Harold Sifton harry.sifton at sympatico.ca
Tue Apr 18 17:16:52 PDT 2006


I find Bennett's comments disappointing.

HS


Bennett: Pulitzer Winners Risen, Lichtblau, Priest 'Worthy of Jail' 

By E&P Staff 

Published: April 18, 2006 3:15 PM ET 

NEW YORK On his national radio program today, William Bennett, the former Reagan and George H.W. Bush administration official and now a CNN commentator, said that three reporters who won Pulitzer Prizes yesterday were not "worthy of an award" but rather "worthy of jail."

He identified them as Dana Priest of The Washington Post, who wrote about the CIA's "secret prisons" in Europe, and James Risen and Eric Lichtblau of The New York Times, who exposed the National Security Agency's domestic (a.k.a. terrorist) spy program. 

Scott Johnson of the popular Powerline blog also weighed in today, under the heading "The Pulitzer Prize for Treason," declaring "Today's Pulitzer Prize award to the Times brings a new shame to the Pulitzer Prize committee."

According to an E&P transcript of the audio of his radio program, Bill Bennett said that the reporters "took classified information, secret information, published it in their newspapers, against the wishes of the president, against the request of the president and others, that they not release it. They not only released it, they publicized it -- they put it on the front page, and it damaged us, it hurt us.

"How do we know it damaged us? Well, it revealed the existence of the surveillance program, so people are going to stop making calls. Since they are now aware of this, they're going to adjust their behavior . . . .on the secret sites, the CIA sites, we embarrassed our allies....So it hurt us there.

"As a result are they punished, are they in shame, are they embarrassed, are they arrested? No, they win Pulitzer prizes - they win Pulitzer prizes. I don't think what they did was worthy of an award - I think what they did is worthy of jail, and I think this investigation needs to go forward. "

He urged his listeners to write the top editors of the two papers and said their addresses were posted on his Web site.

Bennett said he was not opposed to Pulitzer prizes "to liberals" or even those at The New York Times.
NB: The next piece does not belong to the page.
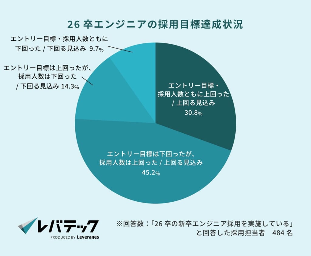 - 新卒エンジニア採用を実施する約4社に1社が、26年卒の採用目標に届かず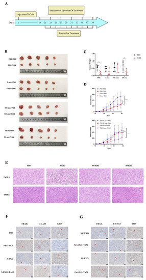 Exosomal tRF-16-K8J7K1B promote tamoxifen resistance in vivo. (A) Schematic diagram of animal experiment. (B) After exosomes and tamoxifen treatment, tumors isolated from mice are shown in images. (C) Tumor weight at the endpoint. (D) Tumor volume changes during our study. (E) Tumor tissue slices were stained with hematoxylin-eosin. (F,G) Immunohistochemistry analyses of the expression of TRAIL, cleaved caspase 3, and Ki67 in tumor tissues. The red arrows indicate the positive immunohistochemical reactions. S-exo: exosomes derived from tamoxifen-sensitive cells; NC-exo: exosomes derived from tamoxifen-resistant cells transfected with tRF-16-K8J7K1B NC; IN-exo: exosomes derived from tamoxifen-resistant cells transfected with tRF-16-K8J7K1B inhibitor; C-CAS3: cleaved caspase 3. Scale bars: 50 μm. Data are presented as mean ± SEM. * p < 0.05; *** p < 0.001; **** p < 0.001; ns: no significance.

He hailed the Pulitzer for the Times' Nicholas Kristof. "But these people who reveal our secrets, who hurt our war effort, who hurt the effortsof our CIA, who hurt efforts of the president's people--they shouldn't be given prizes and awards for this, they should be looked into--the Espionage Act, the investigation of these leaks," he advised. 

"I'm telling you, I'm hot. I want you to write Bill Keller, I want you to write Len Downie. You can read Howard Kurtz at The Washington Post and decide if you want to write him." 

Kurtz wrote today: "Strikingly, the Pulitzer board honored two reports -- on the secret prisons and domestic surveillance -- that President Bush personally urged the editors not to publish."

Meanwhile, Stephen Spruiell, who writes the Media Blog at National Review Online, commented that "the major journalism awards this year went to reporting based on anonymous sources who sought to damage the Bush administration or to commentary that shared the same goal. Sadly, the Pulitzers were no exception."